# Another monstrosity needs identification



## pioneerMan (11 mo ago)

What is this weird thing and how much could I sell it for?





























Thanks!


----------



## Ford5610II (Jun 11, 2020)

Its part of a tower from a very old irrigation pivot system. Its probably not worth much, unless one your neighbors needs it for spare parts.


----------



## bmaverick (Feb 20, 2014)

That was the Wright brothers first prototype.


----------



## bmaverick (Feb 20, 2014)

pioneerMan said:


> What is this weird thing and how much could I sell it for?
> 
> View attachment 77451
> 
> ...


As n FYI, those metal style wheels are in HIGH demand to both collectors and road side stores that want a vintage look. Bet they can go for $250 to $500 each!


----------



## pioneerMan (11 mo ago)

bmaverick said:


> As n FYI, those metal style wheels are in HIGH demand to both collectors and road side stores that want a vintage look. Bet they can go for $250 to $500 each!


The problem is getting my ad in front of the vintage collector's face. Most people will see this thing as a piece of junk.


----------



## bmaverick (Feb 20, 2014)

pioneerMan said:


> The problem is getting my ad in front of the vintage collector's face. Most people will see this thing as a piece of junk.


You need to find the RIGHT AUDIENCE and it will go for good money.

Any brand ID plate on the machine?


----------



## ovrszd (12 mo ago)

The only thing there that's of value is the steel wheels. Disassemble it and put the wheels on Facebook Marketplace. I'm not as optimistic as Maverick. They should bring $60 each. Maybe $200 for both if they match.


----------



## SidecarFlip (Mar 25, 2021)

Far as I'm concerned, it IS A PIECE OF JUNK..... Sagebrush is worth more IMO.


----------



## bmaverick (Feb 20, 2014)

WOW, if the steel wheels came off a classic John Deere B, they would be $800 each. Looking at the weak spokes, they are not tractor rear wheel quality. 

Could you make a cart or something with them? 
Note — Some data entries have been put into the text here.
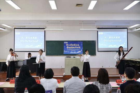 學院學生代表帶來了開場合唱表演《萱草花》,傳遞出未來學前教師以耐心與愛守護幼兒健康成長的深刻內(nèi)涵;2022級本科生夏辰熙作為優(yōu)秀選手代表帶來了模擬課堂展示,她融入舞蹈教學、故事講述、聲樂等多方面專業(yè)內(nèi)容,以生動的教學情境詮釋了“以童心育童心”的教育理念;學生代表編排的器樂五重奏《The Sky Boat Song》曲調(diào)悠揚,婉轉(zhuǎn)動聽,展現(xiàn)出了師大學子豐富多彩的校園生活。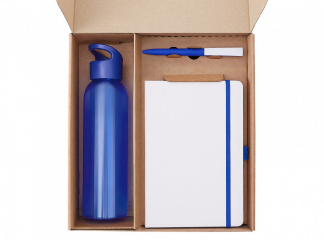 - материал: бутылка -поликарбонат, блокнот - искусственная кожа, бумага, ручка - пластик с покрытием soft-touch, держатель - пластик, ланчбокс - пластик, открытка - картон, коробка - картон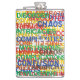 Well made flask, a little better than I had expected. Flask came in clear plastic box which gave it a nice presentation when I took it out of the zazzle packaging. Image is not printed on flask but on sticker. Don't know how this will hold up I haven't used it yet. This would make a Great gift! I plan to purchase more for friends! Cheers. I thought a little brighter than computer. Very crisp, writing wasn't

What other piles of stuff is out there? I do see some old tires and rims from vehicles too.


----------



## pioneerMan (11 mo ago)

bmaverick said:


> WOW, if the steel wheels came off a classic John Deere B, they would be $800 each. Looking at the weak spokes, they are not tractor rear wheel quality. Could you make a cart or something with them?
> 
> What other piles of stuff is out there? I do see some old tires and rims from vehicles too.


I don't want to make a cart or anything out of this junk. I'm too busy working on my website and trying to get rid of all the other junk since my neighbor's death two months ago. What other stuff is out here? I'm glad you asked...





__





Find 39934 For Sale | ksl.com


Find 39934 for sale near you or sell to local buyers. Search listings for 39934 and other items on KSL Classifieds.



classifieds.ksl.com


----------



## ovrszd (12 mo ago)

pioneerMan said:


> I don't want to make a cart or anything out of this junk. I'm too busy working on my website and trying to get rid of all the other junk since my neighbor's death two months ago. What other stuff is out here? I'm glad you asked...
> 
> 
> 
> ...


One man's treasure is another man's junk. I would treat this with respect. It was his treasure. Wish he was my neighbor.


----------